The darkness of life not only surrounds us, but it presses in upon us. In the midst of that darkness there is a flicker, a shimmer of light. We realize that it is Jesus. He is with us and the darkness no longer has any power over us.
Lord, as we walk through life, open our eyes and help us to see you—our Lord and our Savior. Amen.
Saturday, February 10, 2018–Jesus Heals a Man Born Blind
“He said, ‘Lord I believe, and he worshiped him.’” (John 9:38).
Beliefs alter how we live. When Gayle moved to New York, she avoided riding the subway. She believed that it was filled with drug addicts, pick pockets and terrorists. One day, however, she was forced to ride it. She did so clutching her purse to her chest and her eyes searching the crowd for any possible threat. She was amazed at the nonchalance of the other riders. After living in New York for several year and riding the subway frequently, Gayle has changed her beliefs, though still vigilant, she now views the subway as an efficient and economical method of transportation.
The man who was once blind believed—that Jesus was the Messiah (Son of Man)—the one who would lead him out of darkness into the light.

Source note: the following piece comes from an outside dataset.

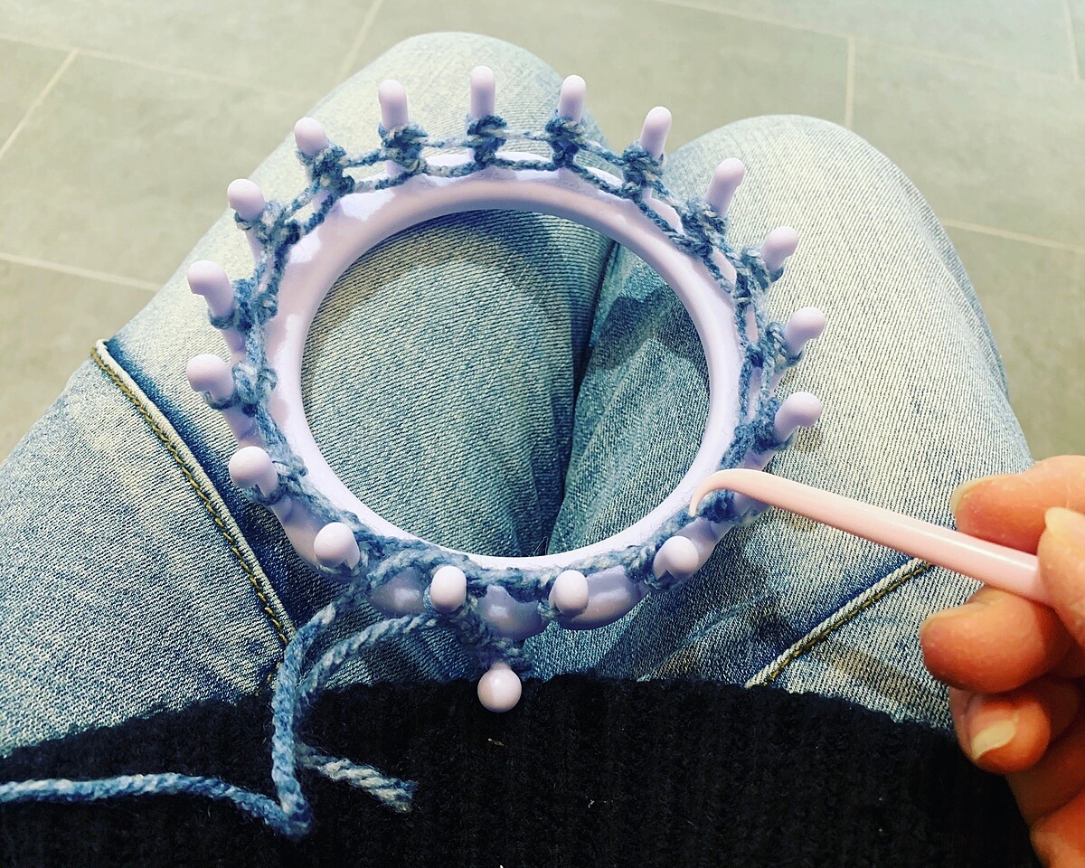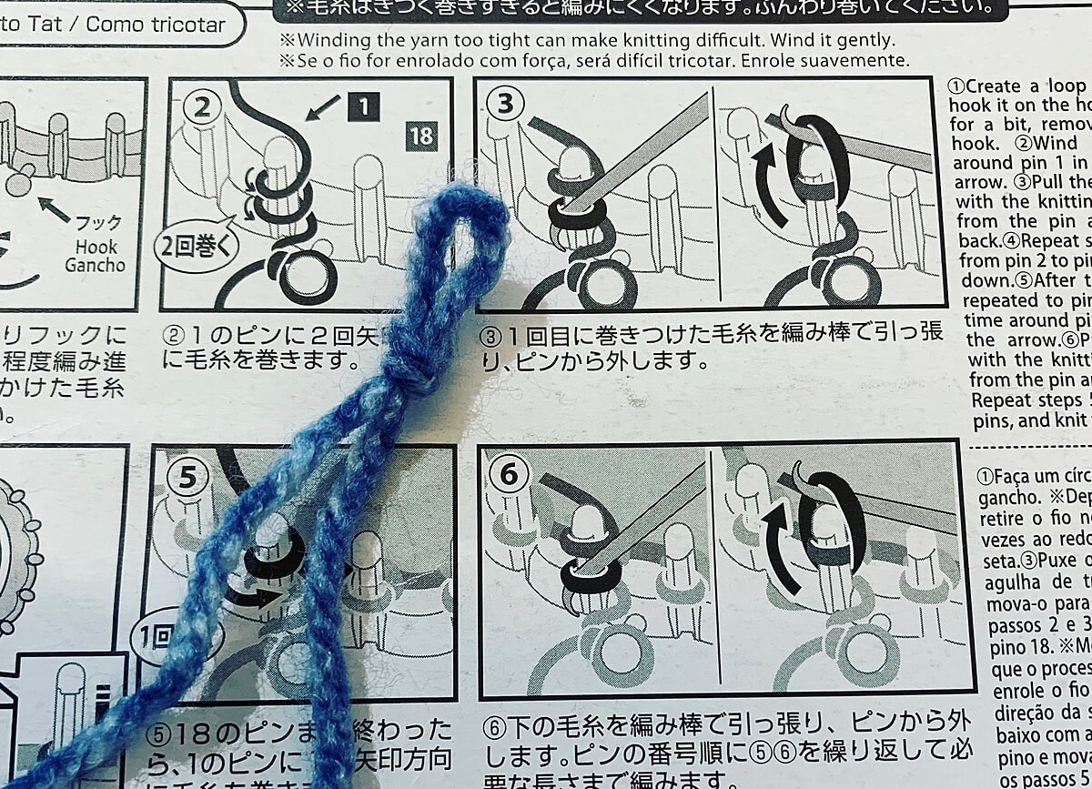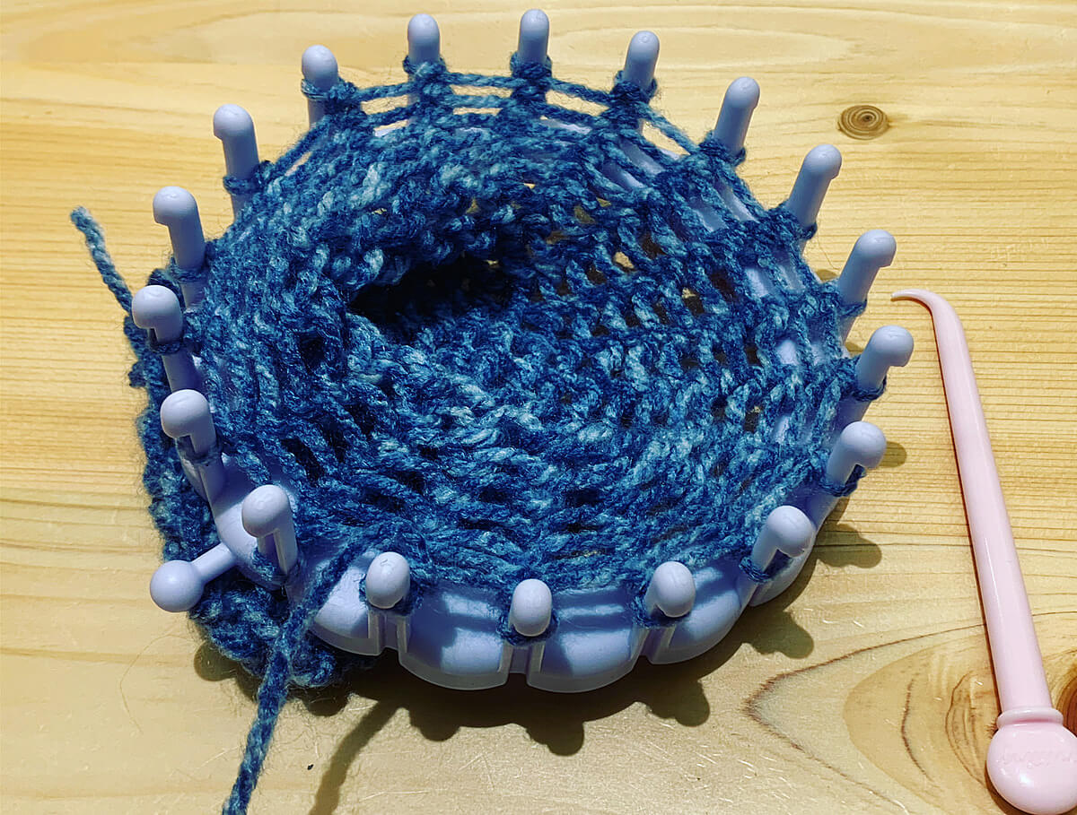 1〜18番までのフックに毛糸を引っ掛けて編んでいきます。昔、小学生の頃流行ったリリアンと同じ編み方だなぁ~と懐かしみながらの作業です。

His knowledge of Jesus was incomplete, but that did not hinder his belief from transforming his life. The man’s belief led him to worship Jesus. He honored and glorified God through his words and deeds. In a similar manner, our belief in Jesus has changed our lives and has inspired us to worship and praise.
Thank you, Lord, for the gift of faith. May it always inspire us to worship you through our words and actions. Amen.
Sunday, February 11, 2018–Jesus Heals a Man Born Blind
“I came into the world for judgment so that those who do not see may see and those who do see may become blind” (John 9:39).
Anytime we see the word “judgment” in the Bible, our thoughts turn to a judgment day where people are condemned to hell or admitted into heaven. This is not the type of judgment to which Jesus is referring.
We have met the people—perhaps we’re some of them—who say, “I see, I know, now don’t confuse me with the facts.” These people who claim to see will eventually realize that they are blind and that their blindness has allowed them to wander far away from Jesus. Such knowledge brings with it the invitation for confession, repentance and the gift of sight.
Jesus bursts into our lives to bring light into our lives and sight to our eyes. Like the man born blinded, we are invited to open our eyes and behold the glory of God, the wonder of life and the needs of our neighbors. With the gift of sight comes new life.
Forgive us, Lord, when we claim to see, but remain blind. Open our eyes so that we may see what you see and live as you would have us live. Amen.